Hey there! This is from an unfinished project I was writing, called Fugazi. There will be more to come! Enjoy!

Hear this, Payte. Come a little closer. Closer. Closer. For God’s sake, I’m your dying grandma, why won’t you talk to me? I know that I can barely hear and my voice is that annoying groany thing that you make fun of, but Jesus, just listen to me. Listen son, I know none of your dreams have come true. But, there is a silver lining, they are underway. Yes, I know those little angel number thingies that you see are, supposedly, guiding you. Yes, I know you see them constantly. So constantly, it’s to the point that it’s rather annoying. But, just trust me, they’re underway.

Oh, what’s that? You created a website? And a guy is designing it for you? Well, with how bad the views on your YouTube channel are, I doubt it’ll do anything.

Hey! Wait! Don’t run away from me, talk to me! Okay, okay, I’m sorry. I’m sorry for saying that to you. But, sometimes, you have to get in touch with reality. Don’t expect to be a famous writer from just one novel. It takes time, Payte, time. I know that you don’t want to work, or be in this town, or be with your family. Such nasty business. All you need to do, is be patient. Things are happening behind the scenes.

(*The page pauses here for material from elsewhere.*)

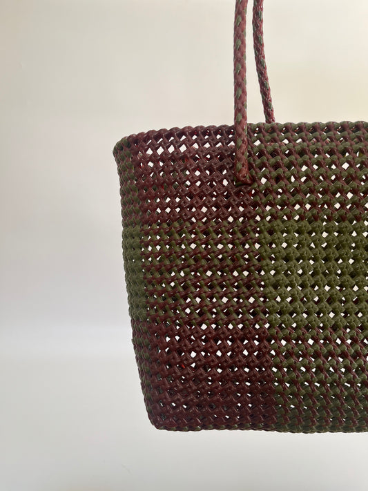 No. 516L - Hand-woven basket bag - large - burgundy & khaki

What? I’m a hypocrite? Just because I said things are underway, doesn’t mean that they’re gonna happen quickly. And why isn’t it happening quickly? And why was there no response when you got down on your knees and begged God to make you a writer? Well, son, god is… not real. He’s just something we made up so the population could be controlled, and old pedophiles could be in power. Ask anyone who’s been on acid and they’ll tell you that we’re all divine beings and God experiencing itself. That too, is total bullshit. And, to be frank, it’s rather disappointing. We’re divine beings and we’re still this bad?

You see son, expand your horizons and you’ll hear about this little thing called dualism. I think the Kyballion might’ve explained it a little bit. Basically, its the fact that everything has two sides, and whatever those sides are, is, well, up to you. Most people I’ve talked too about Dualism say that everything is both good and bad. But if everything really is both good and bad, explain that to a rape survivor. So, I guess you can see that, this too, is bullshit.

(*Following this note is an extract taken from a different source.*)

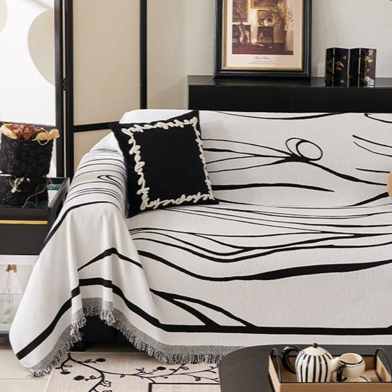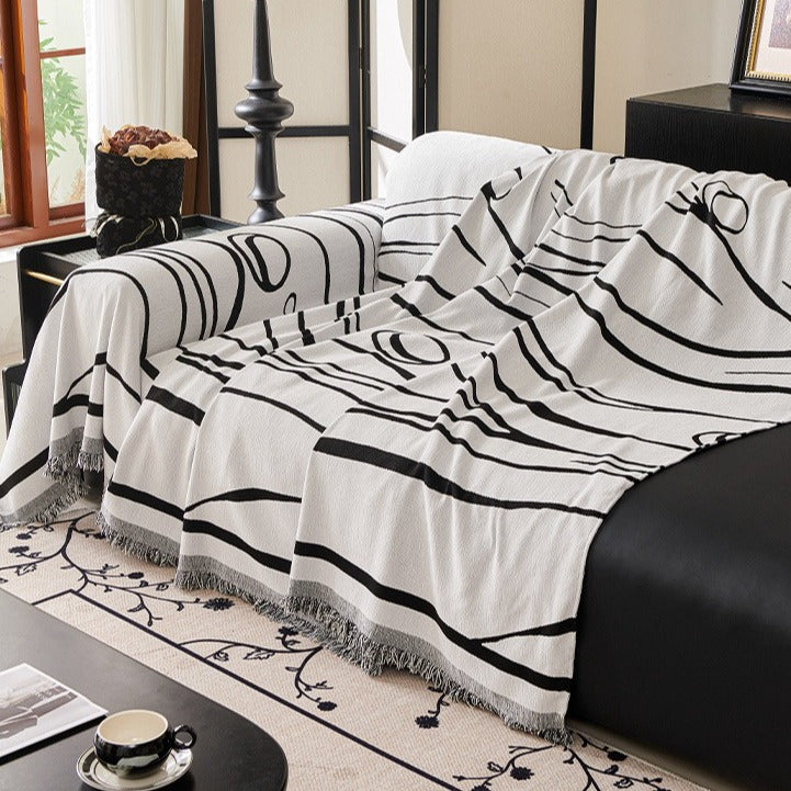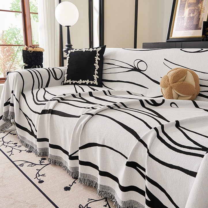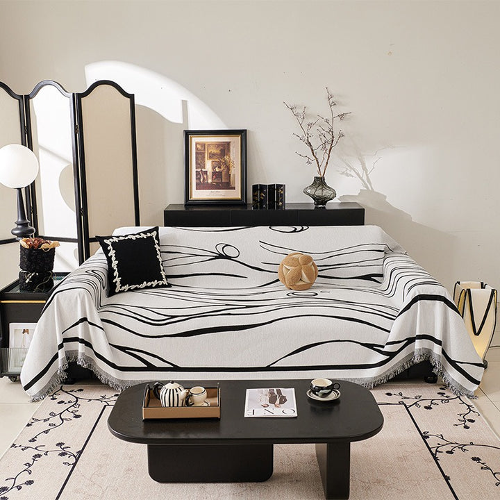 It looks like a giant canvas of flowing black ink draped over your sofa! The wavy, free form lines feel as if they’re dancing across the white fabric, exuding artsy, modern vibes. Fringe edges add a cosy touch, and it shields your couch from scratches or spills, turning your living room into a mini art gallery.

You see, there are no rules to life. Everything we have created is simply, well, made the fuck up. I mean, think about it. If you’re smart enough, you can just kill whoever, and whatever, the hell you want, and never be caught. Where’s the justice in that? Where’s the divinity in that? Oh, the killer’s karma is that, he or she, now has to live with the fact he killed someone? Well, most serial killers are devoid of any conscience whatsoever. They’re also pretty smart which means they can get away with it. So, in a way, serial killers are actually the most powerful out of all of us. It’s like that old Charles Manson quote, “The game is mine. I deal the cards.” Technically, he’d be true if he was smart enough to not get caught.

Anyway, I’m getting off topic. I know you tried your best with this novel. And I know you heard about this little thing called manifestation, and you tried that. Well, let me tell you something, you are, by far, the stupidest grandchild I have ever heard of. If all of our thoughts really changed our reality, then wouldn’t the world be different? There’s a reason that the stereotypical new-ager is a blonde woman who speaks in a very airy voice and has no concept of intelligence whatsoever. I mean, they’re kind of like assholes since they take all this shit from Eastern-mysticism and make it their own. Assholes, I tell you. Assholes.

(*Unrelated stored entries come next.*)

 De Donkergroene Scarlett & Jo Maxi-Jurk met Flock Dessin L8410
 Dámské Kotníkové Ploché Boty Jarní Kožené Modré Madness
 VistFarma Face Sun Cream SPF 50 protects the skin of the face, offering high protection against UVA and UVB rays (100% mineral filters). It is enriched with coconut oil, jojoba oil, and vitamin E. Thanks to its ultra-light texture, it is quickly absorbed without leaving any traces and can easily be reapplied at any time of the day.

You see, Payte, people like easy things. They’re so afraid of the unknown that they only want what’s already in their little circle. That’s why everyone bullied you at school and you had no friends. You were too different, and not, well, easy.

So, son, it seems that your work has just, truly been for nothing. I’m sure that there were many great novels that could’ve helped people, and really changed their lives. But unfortunately, there’s this little thing called money. And the only people who get to the top of the literary agency, are pansy-motherfuckers who only publish the same slop that will, “sell.” If there’s even, SLIGHT, deviancy from the expected norm, everything goes to shit.

But, after a hundred-or-so rejections, you’ll get accepted. And here’s the fun part. It’ll only sell a thousand copies. So, you’ll write another novel, and that too, will only sell a thousand copies, so you’ll work your ass off to write a third one, one that’ll sell, and that too, will sell even less than the other two. So, sorry son, it seems you’ll only be noticed after your death.

Now, go to your friend’s house or whatever. I’m out of shit to say.